Building three-dimensional porous nano-network for the improvement of iron and nitrogen-doped carbon oxygen reduction electrocatalyst

Abstract

Building three-dimensional (3D) nano-network and improving porous characteristics of nitrogen-doped carbon-based oxygen reduction electrocatalysts can facilitate to the diffusion of oxygen molecule and the enhancement of electrocatalytic performance. In this work, we report a new strategy for preparation of hemin-derived iron and nitrogen co-doped porous carbon electrocatalyst (3D-Fe/N/C-700) with three-dimensional nano-network via using a new hard template of inorganic salts (e.g., NaCl), followed by water-leaching and acid-leaching processes. This catalyst has exhibited a higher BET surface area (∼480 m2 g−1) and a larger total pore volume (∼0.49 cm3 g−1) compared to those of the Fe/N/C catalyst without using a NaCl template. An onset potential of ∼1.0 V vs. RHE and a high long-term stability are achieved for 3D-Fe/N/C-700, but a negative shift of only ∼30 mV exists in the half-wave potential of 3D-Fe/N/C-700 compared to the commercial 20 wt.% Pt/C catalyst. Besides, high electron transfer number (3.9 ± 0.2) and low peroxide species (<18.5%) on 3D-Fe/N/C-700 in the potential range of 0.2–0.8 V indicate a quasi four-electron pathway for electroreduction of O2 molecule.

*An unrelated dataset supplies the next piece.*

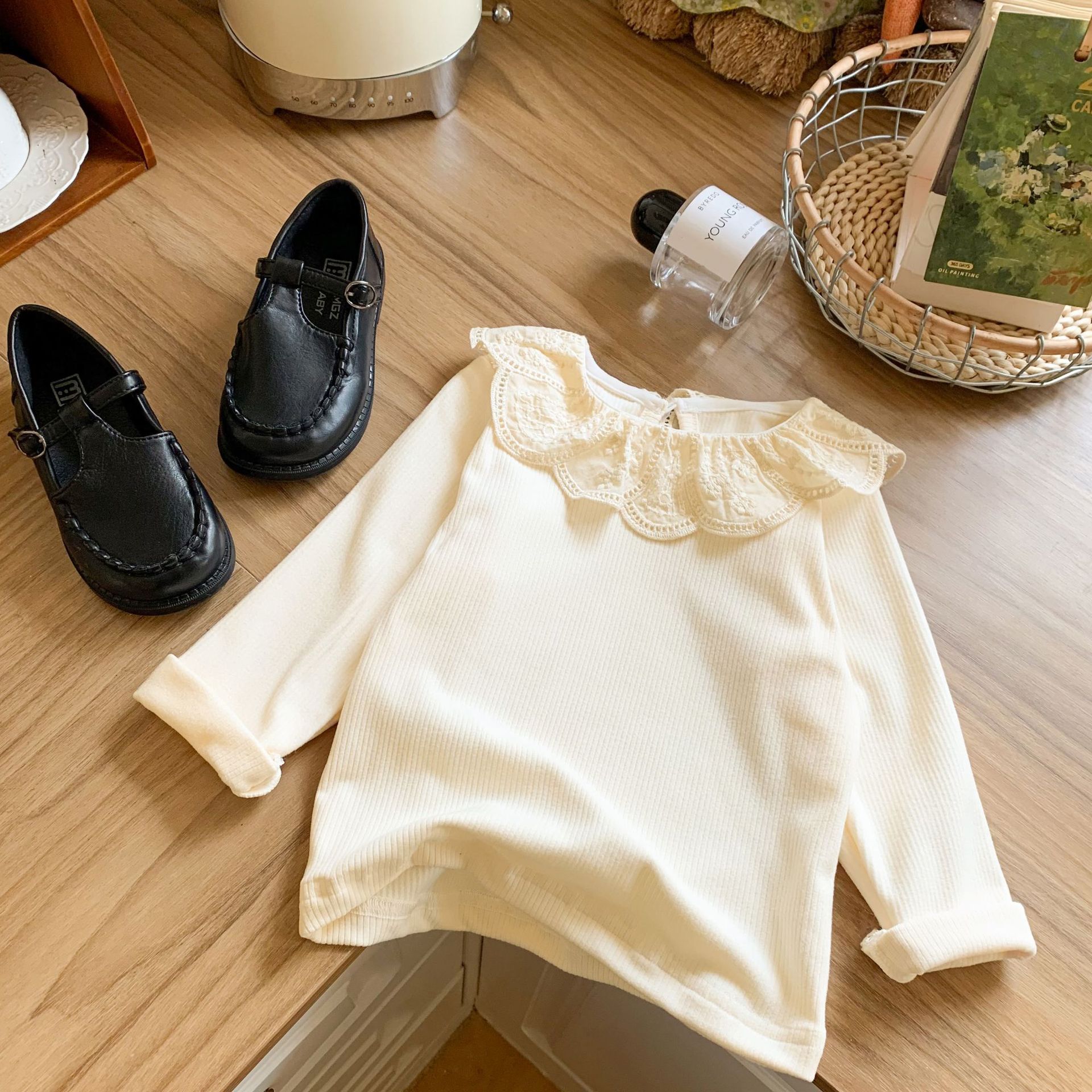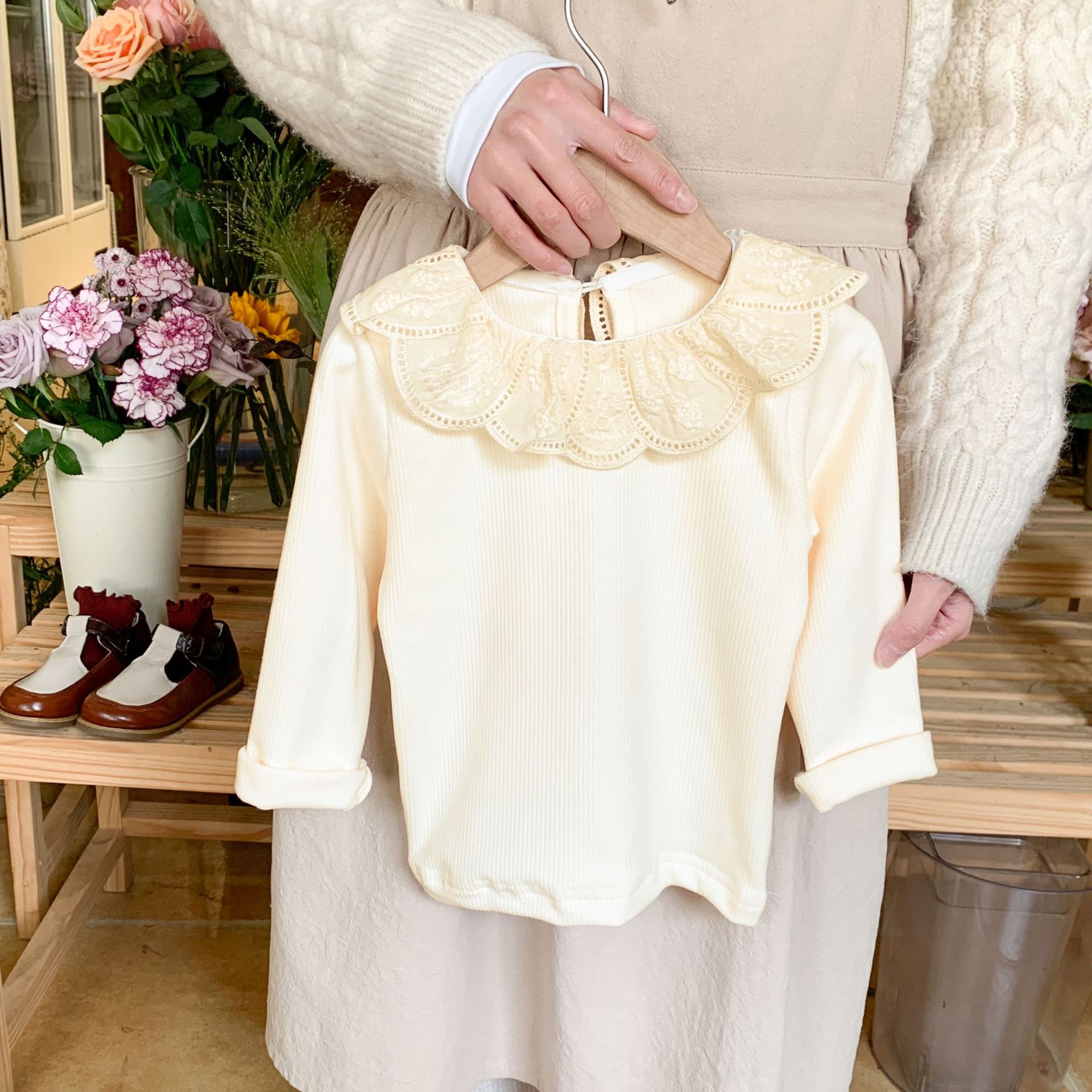 여자 레이스 인형 칼라 바닥 셔츠 가을 새로운 어린이 긴팔 이너 탑 무스 캐시미어 바닥 도매스토어 가기

We also suggest that the FeN2 structure may be the active center of our catalyst, but 3D porous network and graphitic-N can play an important role in the enhancement of ORR electrocatalysis. Sustainable conversion of hemin to nitrogen-doped porous carbon and recyclability of NaCl template render a scalable production and practical application of carbon materials for energy storage and conversion.